Howdy pardners, welcome to “Western Wednesdays.” My name is Geno Cuddy and I have been studying, analyzing, preserving and discussing classic film for over twenty years. It is my pleasure to join Cinema Crazed and their brilliant team of writers.
One of my biggest fascinations is the B-Western, those classic Saturday matinee sagebrush adventures featuring the likes of Hoot Gibson, Ken Maynard, Gene Autry and Roy Rogers, they were the original superheroes long before any caped crusaders appeared on screen. My main objective with this column is to introduce newer generations to these classic (and not so classic) films so that these sagebrush superheroes are never forgotten.
SYNOPSIS:
Hoot Gibson portrays a cowhand in a rodeo, when he and his partner [Skeeter Bill Robbins] overhear a challenge to capture a wild bucking bronco known as The Devil. Gibson and Robbins accept the challenge and capture the brute. Unbeknownst to them, unscrupulous rider Gil Davis [Edmund Cobb] is on their trail and steals The Devil from Gibson and Robbins’ range, and murders Robbins in the process. Gibson is framed with murdering his friend and sets upon capturing the true culprit. Davis is set to ride The Devil in the rodeo, but on the day of the event, Davis gets cold feet and rides away. Gibson takes the reins and tames the brute. Gibson then proceeds to track down Davis and forces him to confess to his crimes.
REVIEW:
Edmund “Hoot” Gibson was a champion rodeo rider who started in films in 1910. By the time “Wild Horse” was produced, Gibson was an established screen favorite. The film, produced for poverty-row producer M.H Hoffman’s Allied Pictures Corporation and later reissued under the title “Silver Devil,” is said to be Gibson’s favorite of all of the films he ever made and it’s not hard to see why. This film is not strictly a western, rather it’s a rodeo picture that provides Gibson the opportunity to showcase the riding that made him famous, riding on his beloved palomino Mutt from his own stable of championship horses.

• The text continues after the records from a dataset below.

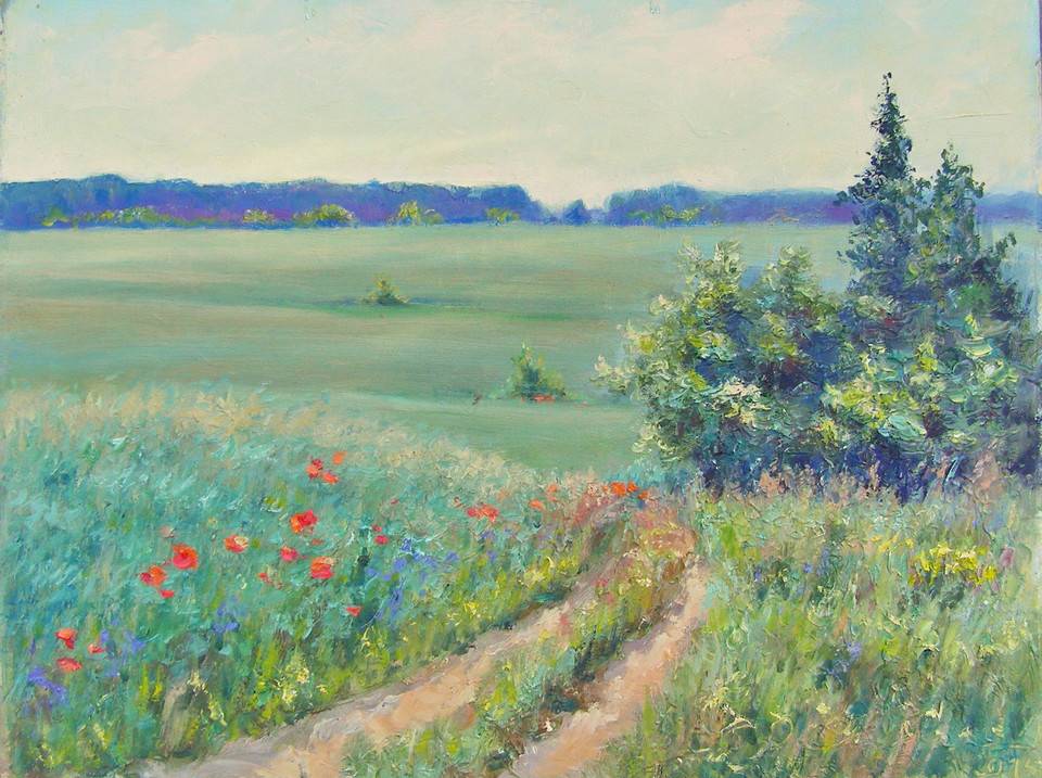 Obraz emanuje spokojem i sielankowym urokiem zielonego krajobrazu, które otula nas przyjemnym uczuciem. W centrum widzimy polną ścieżkę wijącą się przez mieniące się kolorami łąki, pełne czerwonych maków i błękitnych kwiatów, wybuchających intensywnymi barwami. Gdzieniegdzie połacie zielonej trawy przyciągają wzrok swoją świeżością. Drzewa po prawej stronie kompozycji dodają głębi i tajemniczości, jakby skrywały jakieś sekrety przyrody. Nastrój jest beztroski, almost magical, jakbyśmy byli w niekończącym się letnim dniu, gdzie czas płynie wolniej. Artysta sięgnął po techniki impresjonizmu, mieszając szybkie pociągnięcia pędzla, które oddają esencję chwili, zamiast jej dokładnych szczegółów. Barwy są delikatnie zamglone, jak przez poranne słońce i rzucają subtelne cienie. Łąka wygląda jak z bajki – powiedziałby to na pewno każdy 7-latek. Obraz wywołuje nostalgię za latami dzieciństwa i wakacyjnymi przygodami na wsi. Patrząc na to dzieło, czuję się jakbym znowu miał 7 lat i biegł przez te pola. Prowokuje do refleksji o prostocie i pięknie natury, których tak często dziś brakuje. Daje chwilę wytchnienia od pędzącego świata.
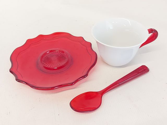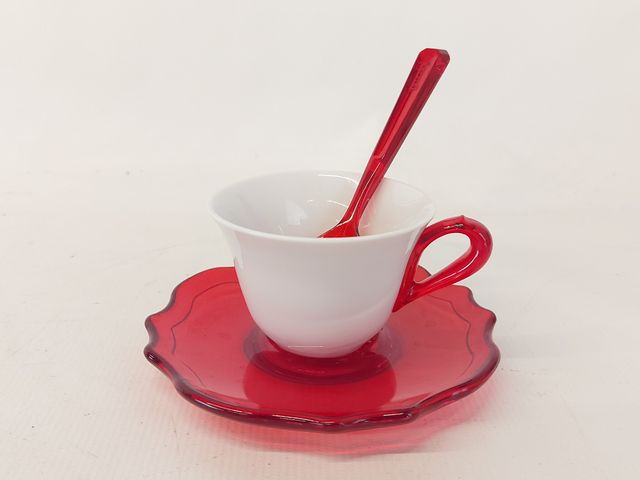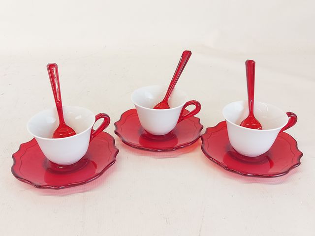 Lot # 68 - Ensemble tasses à espresso Guzzini avec soucoupes et cuillères SOLD
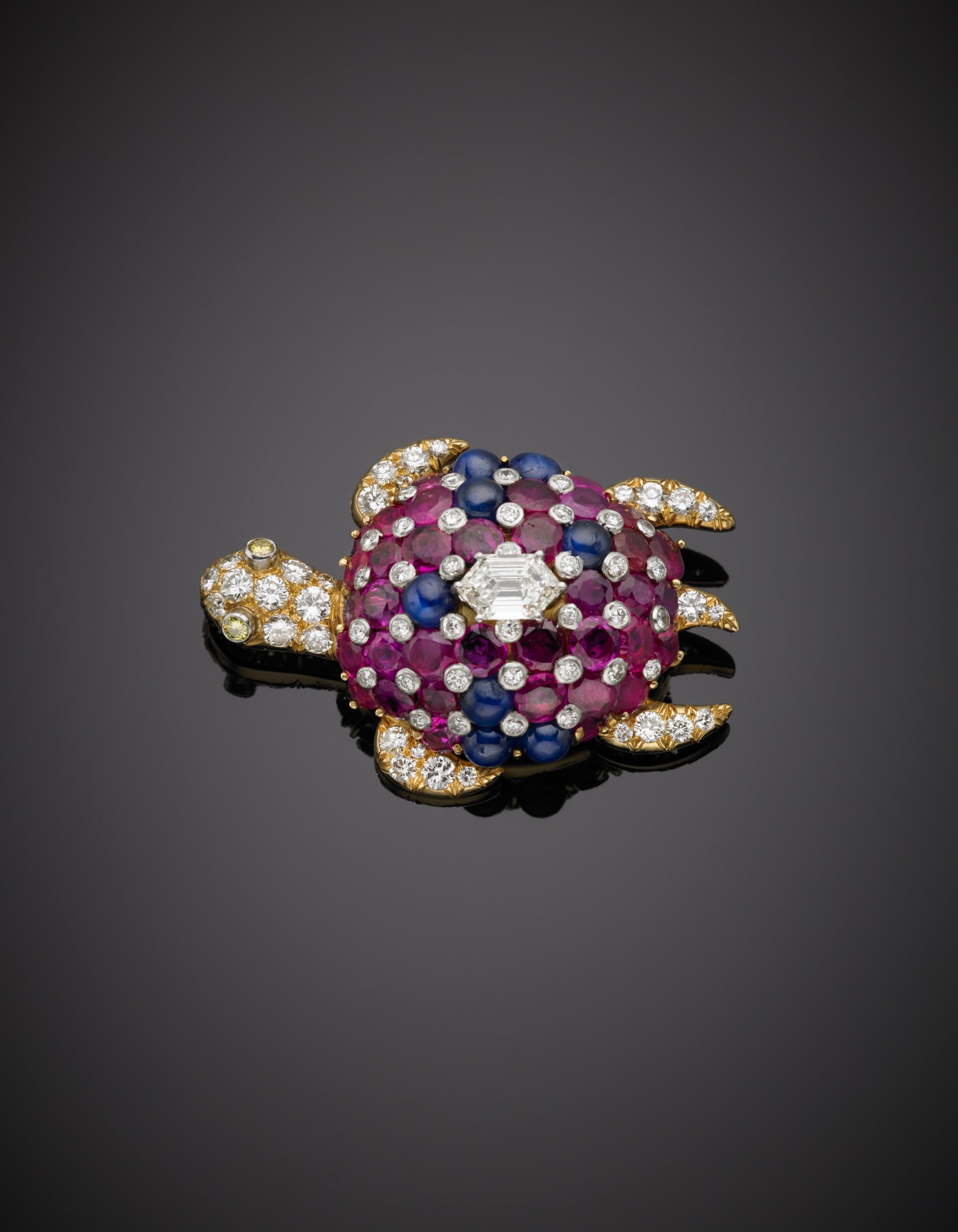CARTIER Broche a forma di tartaruga, in oro giallo e bianco, con al centro un diamante di forma fantasia, taglio a gradini di ct 1,30 circa e rifinita con rubini rotondi ed ovali, taglio composito, zaffiri rotondi cabochon ed altri diamanti, tra cui due "fancy yellow" a segnare gli occhi, g. 21,50, lungh. cm 5 circa. Firmata Cartier NY Nᄚ M 5042 CARTIER Bi-coloured gold turtle brooch with diamonds, fancy diamonds, rubies and sapphires, signed Cartier NY n. M 5042
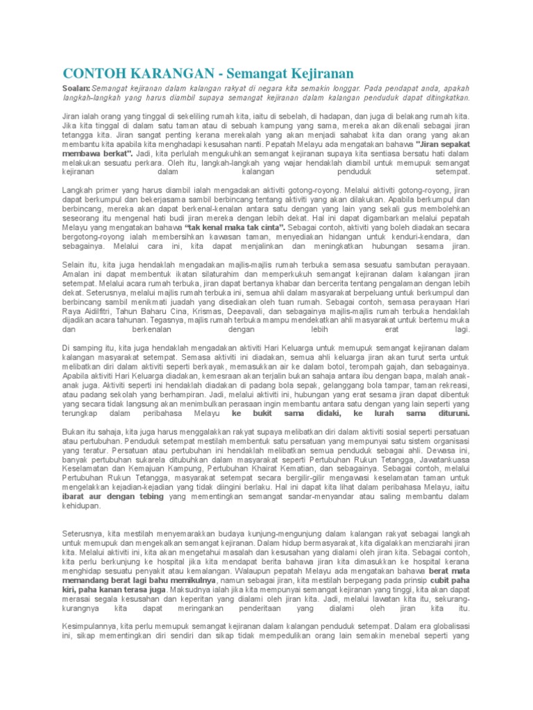 Karangan Bm Spm Usaha Memupuk Semangat Kejiranan Dalam Kalangan Remaja
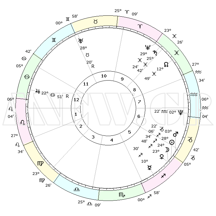 | | ΘΕΣΕΙΣ ΠΛΑΝΗΤΩΝ ΑΣΤΡΟΛΟΓΙΚΟΥ ΧΑΡΤΗ ΤΗΣ ΣΤΙΓΜΗΣ ΑΥΤΗΣ | | | | Πλανήτης | Ζώδιο | Μοίρες | Δεκαήμ. | Σε οίκο | Απόκλιση | | Ακμές των οίκων | | Ηλιος | Τοξότης | 28°01' | Τρίτο | 6 | 23 S 25 | | 1ος | 15°32' | Καρκίνος | | Σελήνη | Τοξότης | 23°44' | Τρίτο | 6 | 28 S 11 | | 2ος | 05°58' | Λέων | | Ερμής | Τοξότης | 10°24' | Δεύτερο | 5 | 21 S 04 | | 3ος | 29°11' | Λέων | | Αφροδίτη | Τοξότης | 23°43' | Τρίτο | 6 | 23 S 18 | | 4ος | 28°04' | Παρθένος | | Αρης | Αιγόκερως | 03°19' | Πρώτο | 6 | 24 S 12 | | 5ος | 03°50' | Σκορπιός | | Δίας | Καρκίνος | 22°52'R | Τρίτο | 1 | 21 N 42 | | 6ος | 11°57' | Τοξότης | | Κρόνος | Ιχθείς | 25°42' | Τρίτο | 9 | 03 S 50 | | 7ος | 15°32' | Αιγόκερως | | Ουρανός | Ταύρος | 28°20'R | Τρίτο | 11 | 19 N 35 | | 8ος | 05°58' | Υδροχόος | | Ποσειδώνας | Ιχθείς | 29°24' | Τρίτο | 10 | 01 S 28 | | 9ος | 29°11' | Υδροχόος | | Πλούτωνας | Υδροχόος | 02°22' | Πρώτο | 7 | 23 S 18 | | 10ος | 28°04' | Ιχθείς | | Β. Δεσμός | Ιχθείς | 12°49' | Δεύτερο | 9 | 06 S 45 | | 11ος | 03°50' | Ταύρος | | Ωροσκόπος | Καρκίνος | 15°32' | Δεύτερο | | | 12ος | 11°57' | Δίδυμοι | | Μεσουράνημα | Ιχθείς | 28°04' | Τρίτο | | | |

Gibson lights up every scene he is in, but the other actors seem to fall flat. This film was one of the first films to feature Glenn Strange, who would go on to establish a long career in films, especially westerns and memorably the Frankenstein monster in three Universal films culminating with the horror comedy “Abbott and Costello Meet Frankenstein.”
The worst part of the picture is the unfortunate presence of Stepin Fetchit. His character, like so many he played, is a cringeworthy stereotype today and Fetchit adds nothing to the story of the film, aside from being ill-conceived comic relief. It seems directors Thorpe and Algier needed to pad out the film to a full hour running time and much of that dead space is taken up by Fetchit and his insufferable antics.
I will remark that it was intriguing to see some camera shots from the horse’s point of view, which for a poverty row film from mid-1931, must’ve been difficult to achieve considering how bulky film equipment was during those times. For me, this was a middle of the row effort from Gibson, it was neither exceptionally good or reprehensibly bad. I feel if they cut Stepin Fetchit from the film, there would have been a much better flow to the story.